Comment: Digitalize Non-Exchange-Traded Instruments on XML

The recent announcement that J.P. Morgan & Co. and PricewaterhouseCoopers plan to develop a financial products markup language is a resounding confirmation that Internet technology has been accepted as a strong contender to become the next technology standard on the trading floors of Wall Street.

Wall Street is carefully studying this alternative to the widely used client/server architecture in the hope of solving problems that have been around longer than the Internet itself.

By now, the Internet has proven itself to be a reliable architecture. More so, it has changed the way consumers interact with business. Scalability is one of the biggest obstacles that client/server systems were never able to overcome. The Internet has solved this problem overnight -- several million users go to Amazon.com every month and make transactions.

Having studied these effects, businesses feel comfortable enough to explore the Internet's potential to improve business-to-business relationships, where the stakes are usually higher than in the business-to-consumer world, and its well-publicized success stories such as Amazon.com, Yahoo, and eBay.

If there are any doubts about how digitalization can affect the way we do business, try to remember how we exchanged documents before e-mail became available, or what CDs did to vinyl records.
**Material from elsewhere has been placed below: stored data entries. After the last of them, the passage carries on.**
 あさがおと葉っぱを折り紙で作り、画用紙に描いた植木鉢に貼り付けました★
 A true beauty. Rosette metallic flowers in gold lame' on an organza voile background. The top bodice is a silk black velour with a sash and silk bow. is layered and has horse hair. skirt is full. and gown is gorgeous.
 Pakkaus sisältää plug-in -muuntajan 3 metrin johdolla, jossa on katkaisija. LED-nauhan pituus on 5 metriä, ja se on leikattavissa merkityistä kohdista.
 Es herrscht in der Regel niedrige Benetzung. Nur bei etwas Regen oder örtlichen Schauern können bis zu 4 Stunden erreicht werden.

The financial industry is going to be the next prime example.

I am not even talking about the recent revolution in on-line trading. These developments all took place only in equities -- which are a very small fraction of capital markets instruments that are traded on exchanges.
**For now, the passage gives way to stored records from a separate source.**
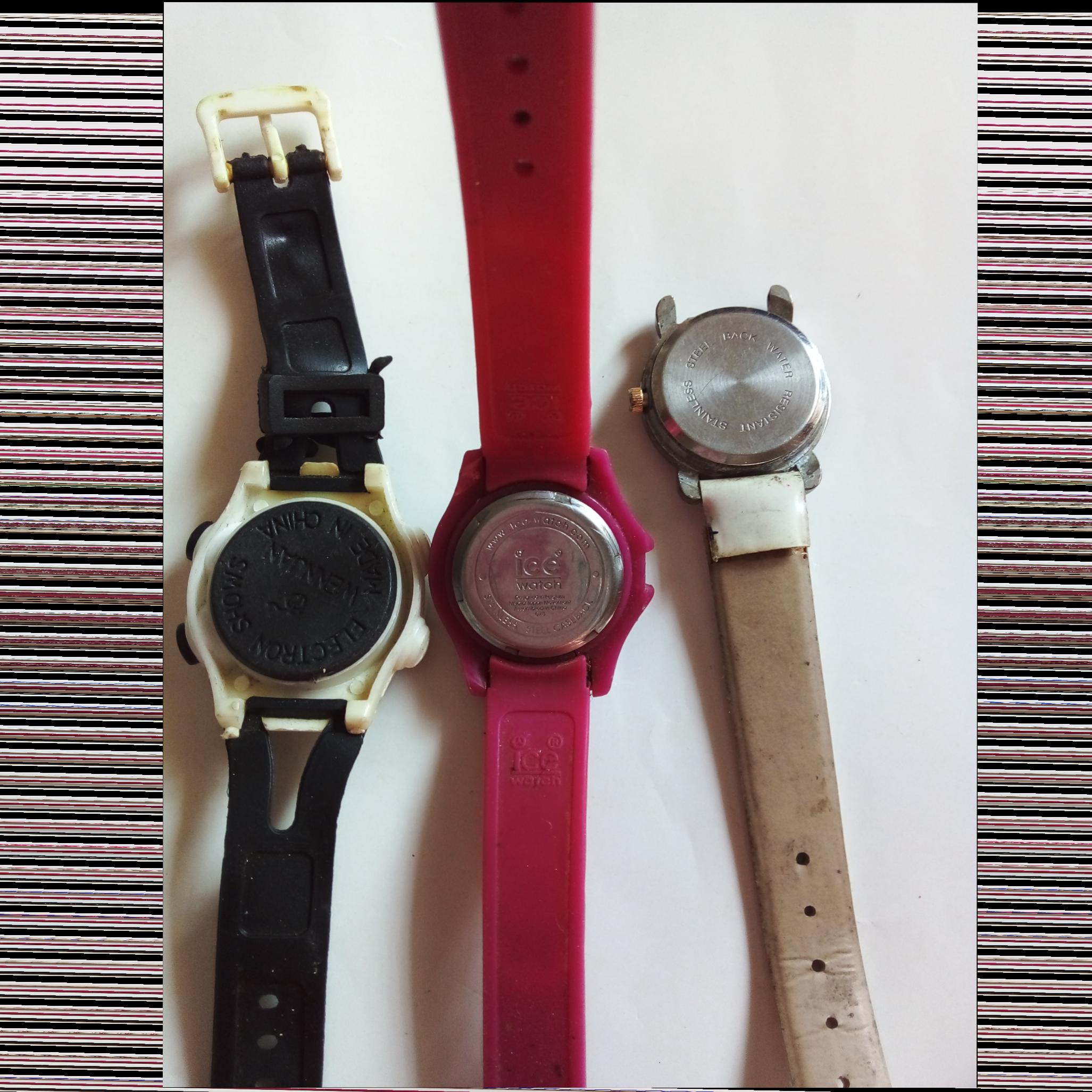 درود وروزبخیر عزیزان لوازم 3عدد ساعت مچی معیوب اعم از بند موتور شیشه قاب وپشت صفحه باهم وطبق تصاویر بفروش میرسد دقت شما مهربانان در خرید موجب عدم شرمندگی ماست شاد باشید باسپاس ازایسام وکاربران گرامی
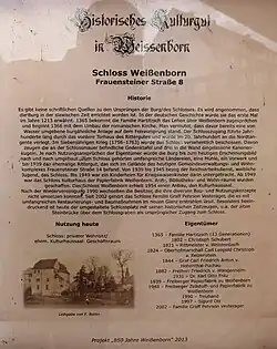 Alexander von Hartitzsch verkaufte 1802 Schloss und Rittergut an Christoph Schubert, der beides an einen Rittmeister von Weißenbach weitergab. Oberst Freiherr von Wangenheim erwarb das Rittergut 1882 vom Grafen Hohenthal-Püchau und behielt es bis 1924. 1931 wurde Dr. Otto Fritz neuer Besitzer des Rittergutes und 1945 enteignet. Während der DDR-Zeit befand sich ein Kulturhaus in den Räumlichkeiten. Das Schloss Weißenborn ist seit 2010 wieder in Privatbesitz.
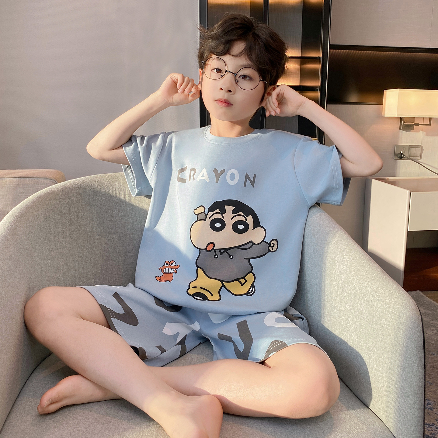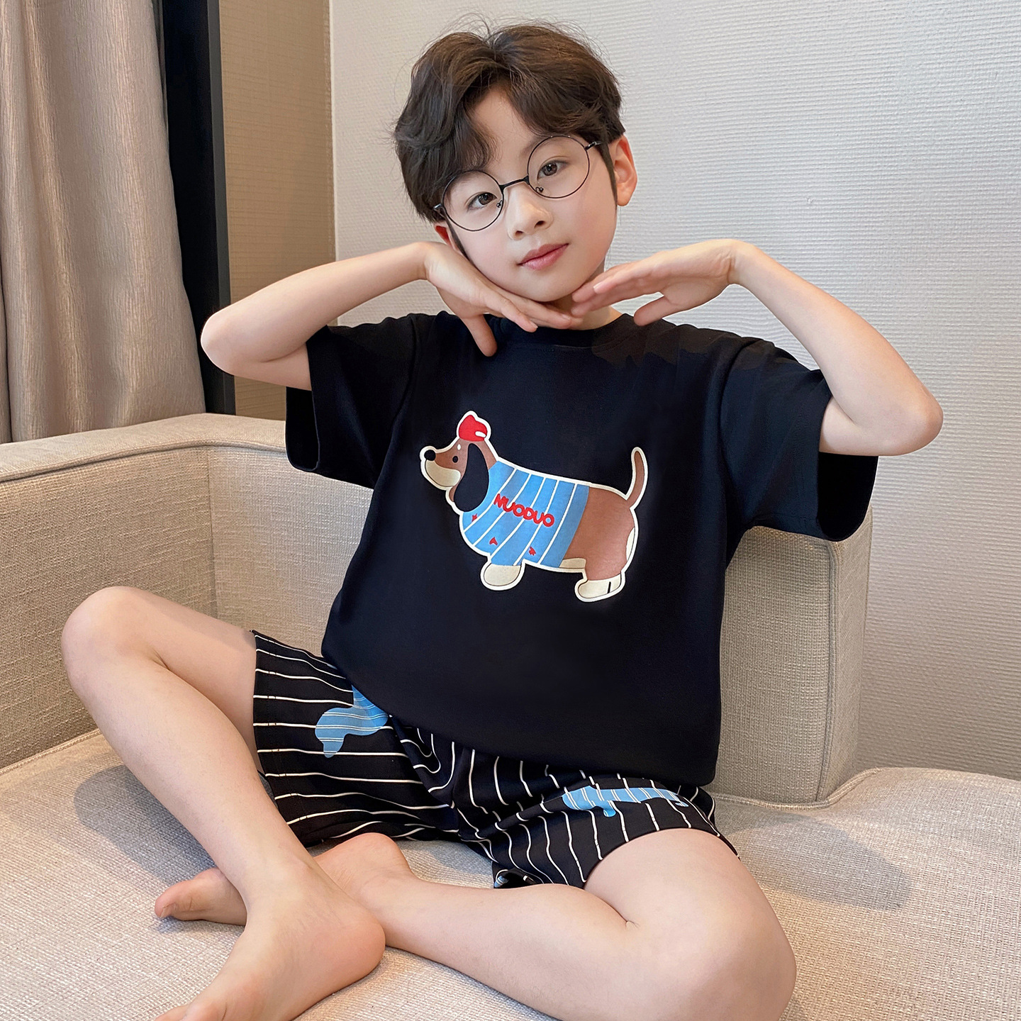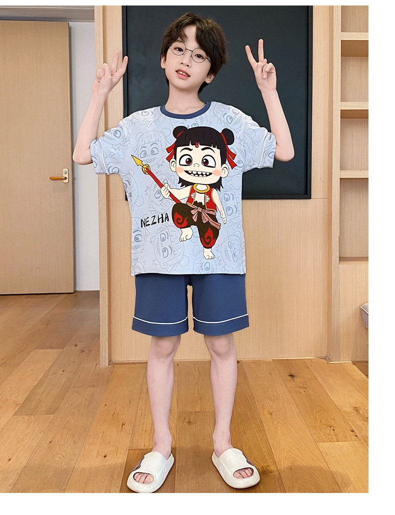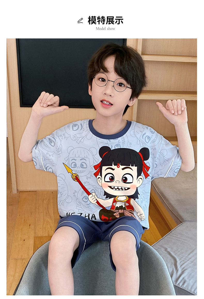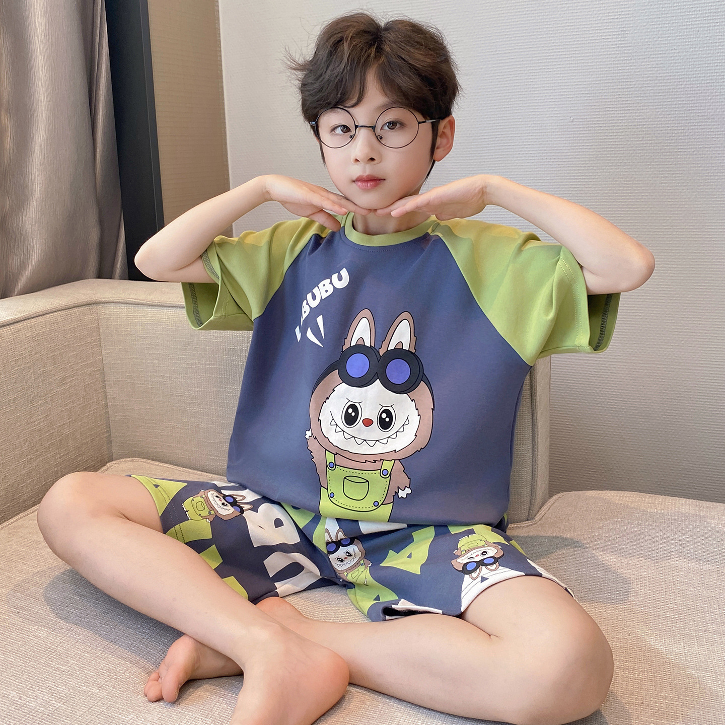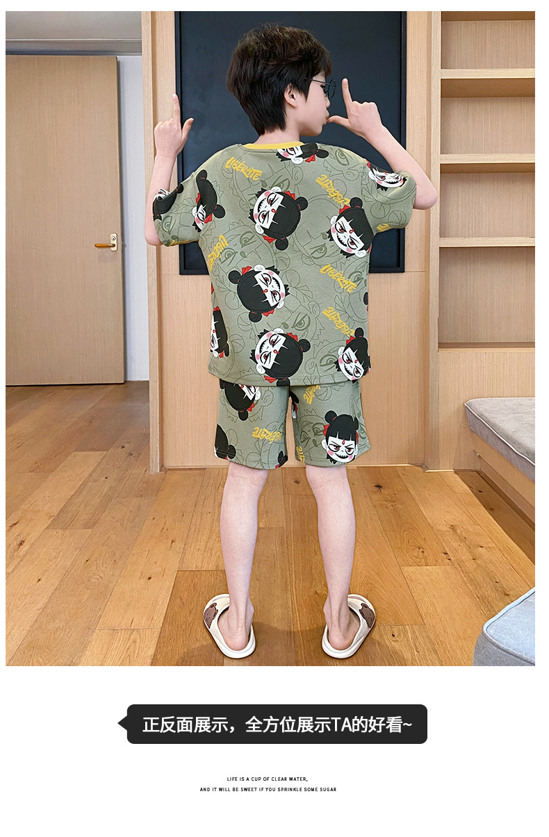 2026년 여름 신상품 남아용 잠옷 반팔 반바지 순면 만화 캐릭터 아동 남아 청소년 부모-자녀 홈웨어스토어 가기

The New York Stock Exchange, Nasdaq, and others get a small piece of that action. Wall Street houses are spending much more time and energy on non-exchange-traded financial instruments such as foreign exchange products, bonds, money market instruments, and derivatives. This is also where they make much more money.

It is estimated that the top players are each spending about $1 billion a year on the development and adoption of software applications, continual hardware upgrading, and user training.
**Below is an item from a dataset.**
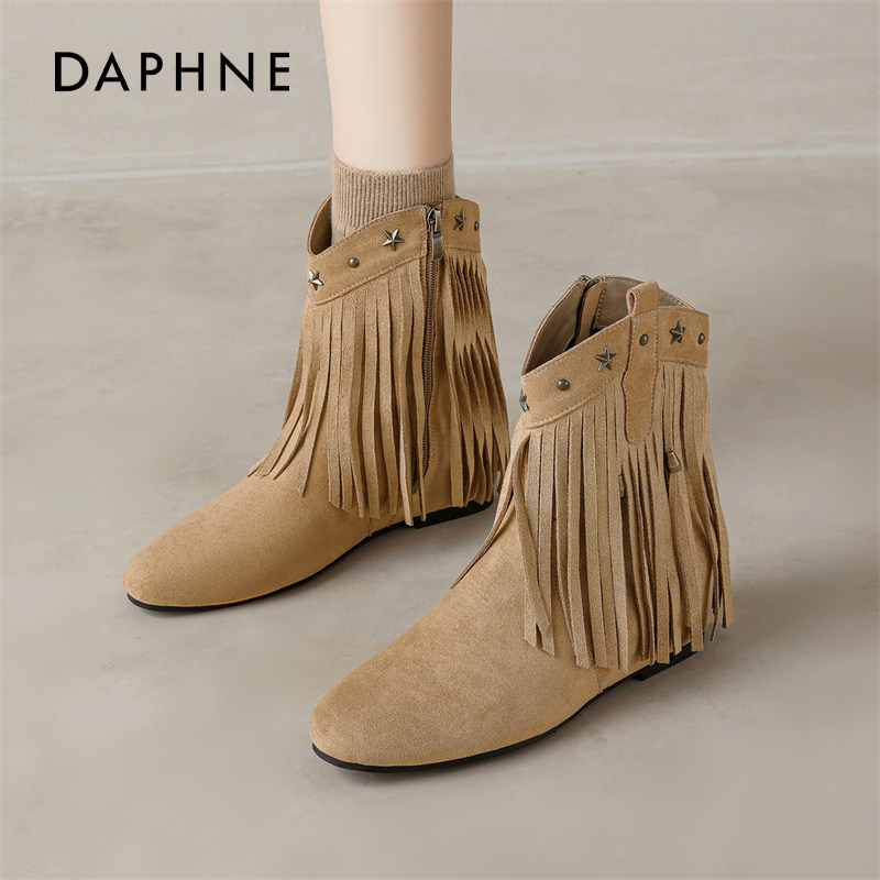 达芙妮流苏短靴女2026新款秋冬季美拉德靴子西部牛仔靴加绒马丁靴

Despite all these efforts and the tens of thousands of dollars banks have spent on individual trader workstations, deals are still closed by a phone call or a fax. It seems ironic that financial products, which should lend themselves more to a digital form than a book or a Pez dispenser, do not have an adequate digital representation to encompass the complete business cycle of such complex transactions. The simple reason is that technology could not keep pace with the capital markets' innovation and the ever-increasing complexity of transactions.

If two bond traders who are surrounded by millions of dollars of technology have agreed to do business together, they pick up the phone or exchange papers to validate the deal. Then four or more people enter data related to the agreement into several systems, processing the deal from the front to the back office and guaranteeing settlement.

This process is bound to change with the emergence of the Web standard XML, eXtensible Markup Language, and Sun Microsystems' Java language. These applications are only now gaining ground with key players in the financial world.

The potential for XML to improve efficiencies cannot be underestimated. Straight-through processing, enabling a financial instrument to pass from system to system throughout its life cycle, is only the beginning.

The one big difference between ordering a book and completing a foreign exchange transaction is standardization. The public so readily accepted Amazon.com as a reliable alternative to brick-and-mortar bookstores because we know what we get. Ordering a book is the same in the real world and in cyberspace.

It is extremely important to understand that such clear-cut definitions for non-exchange-traded capital markets instruments simply do not yet exist in a digital form. Therefore, the creation of a common standard is crucial to the success of this business model. XML can handle this challenge and perform the role of an interpreter.

XML not only enables organizations to represent complex financial instruments in digital form but also allows them to share these transactions across different lines of business, within banks, and between banks and their customers. Suddenly, electronic settlement becomes a close reality. In addition, XML lets banks integrate today's information technology infrastructure with older mainframe computers, which are still in use to process immense flows of data.

XML has the potential to become a standard and revolutionize the way banks do business in capital markets but only if certain conditions apply. To make the most of what XML offers, it has to be established as an industrywide standard, and this cannot be left to the initiative of one institution.

To guarantee lasting success and continuous refinement, a working group has to be formed among those who agree on a set of standards to create one vocabulary that will be the base for all XML applications to come. All existing XML efforts that have been developed within banks will have to be translated into this common vocabulary.

It makes business sense to rely on standards that are already in use, as in the definitions of legal terms offered by the International Swaps and Derivatives Association. Finally all progress that comes out of these joint efforts has to be shared with all players in the financial industry and with vendors.

All these steps will be needed to unlock the power of XML and ultimately bring the most benefit to clients.